Shaykh Muhammad ibn al-Habib, the first shaykh of Shaykh Abdalqadir, says with reference to Ihsan in the long supplication which forms part of his wird, one of the central practices of the path we follow:

    We ask for an Ihsan which will drive us into the presence of the unseen worlds and which will purify us from every kind of forgetfulness and defect.

This brings the matter right back to home to us sitting here in this zawiyya which is a place dedicated to making Ihsan a reality in the lives of those who use it. What is being talked about is not some theoretical construct but rather what is possible for us as human beings; what direction we are going to take in our own lives. The shaykh speaks here about the presence of unseen worlds and he also speaks about forgetfulness and defects, and this brings us immediately face to face with two very different paths we might follow in our lives. The word for human being in Arabic is insan. One meaning of this word is the pupil of the eye; another possibility is that it comes from the word which means to forget. So the word itself contains the two directions which a human being can take. One possibility is that we become completely engrossed in this world, forgetting that it is merely part of a much longer journey which started before we were born and will continue beyond our death. The other possibility open to us is that, like the pupil of the eye, we become a lens, except that whereas the pupil stands as the interface between the outer world of forms and the inner world of sense perception, the human being as a whole stands potentially as the conscious interface between this material world and the unseen world of spiritual realities.

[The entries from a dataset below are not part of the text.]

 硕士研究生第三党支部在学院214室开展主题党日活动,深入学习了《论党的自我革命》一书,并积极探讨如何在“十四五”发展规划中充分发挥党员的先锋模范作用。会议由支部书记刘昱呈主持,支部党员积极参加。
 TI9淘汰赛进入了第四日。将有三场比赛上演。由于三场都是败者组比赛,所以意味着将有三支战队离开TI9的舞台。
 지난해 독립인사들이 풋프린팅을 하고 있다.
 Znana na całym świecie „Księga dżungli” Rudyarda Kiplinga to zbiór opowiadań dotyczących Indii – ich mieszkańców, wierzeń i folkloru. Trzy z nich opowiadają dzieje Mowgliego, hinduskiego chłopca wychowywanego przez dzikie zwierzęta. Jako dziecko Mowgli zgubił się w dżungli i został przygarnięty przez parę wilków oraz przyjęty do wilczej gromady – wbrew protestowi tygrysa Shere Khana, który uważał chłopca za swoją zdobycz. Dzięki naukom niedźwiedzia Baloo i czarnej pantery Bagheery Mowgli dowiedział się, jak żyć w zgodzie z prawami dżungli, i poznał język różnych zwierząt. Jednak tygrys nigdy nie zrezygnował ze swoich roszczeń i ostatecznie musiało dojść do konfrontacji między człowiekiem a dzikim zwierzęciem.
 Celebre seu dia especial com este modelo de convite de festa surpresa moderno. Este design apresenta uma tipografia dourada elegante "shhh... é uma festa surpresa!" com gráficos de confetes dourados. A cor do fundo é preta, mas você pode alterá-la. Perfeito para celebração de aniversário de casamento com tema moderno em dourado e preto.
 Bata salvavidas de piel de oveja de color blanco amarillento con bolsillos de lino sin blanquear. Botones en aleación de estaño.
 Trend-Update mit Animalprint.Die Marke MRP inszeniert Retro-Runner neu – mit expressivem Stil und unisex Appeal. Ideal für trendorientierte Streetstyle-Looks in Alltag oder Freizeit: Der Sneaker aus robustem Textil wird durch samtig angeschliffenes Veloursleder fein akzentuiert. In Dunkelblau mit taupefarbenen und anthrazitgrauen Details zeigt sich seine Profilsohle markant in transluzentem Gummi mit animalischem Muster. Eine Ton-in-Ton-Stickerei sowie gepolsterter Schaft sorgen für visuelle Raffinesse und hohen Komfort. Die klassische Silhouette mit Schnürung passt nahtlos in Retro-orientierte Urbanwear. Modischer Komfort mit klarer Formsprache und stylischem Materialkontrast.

So how does it come about that we hold this exalted position in the scheme of things? There are three sayings attributed to the Prophet Muhammad, may Allah bless him and grant him peace, which together make up a complete description of the true nature of existence and of our place as human beings in it and which take us to the very root of our humanness and put us beyond all the evolutionary or historical definitions with which we have been so profoundly indoctrinated.

The first is: "Allah was and there was nothing with Him – and He is as He was."

The second is Allah's words on the tongue of His Messenger: "I was a hidden treasure and I desired to be known. So I created the creation in order to be known."

And the third is Allah's words conveyed by the Prophet: "The whole universe cannot contain Me but the heart of My believing servant contains Me."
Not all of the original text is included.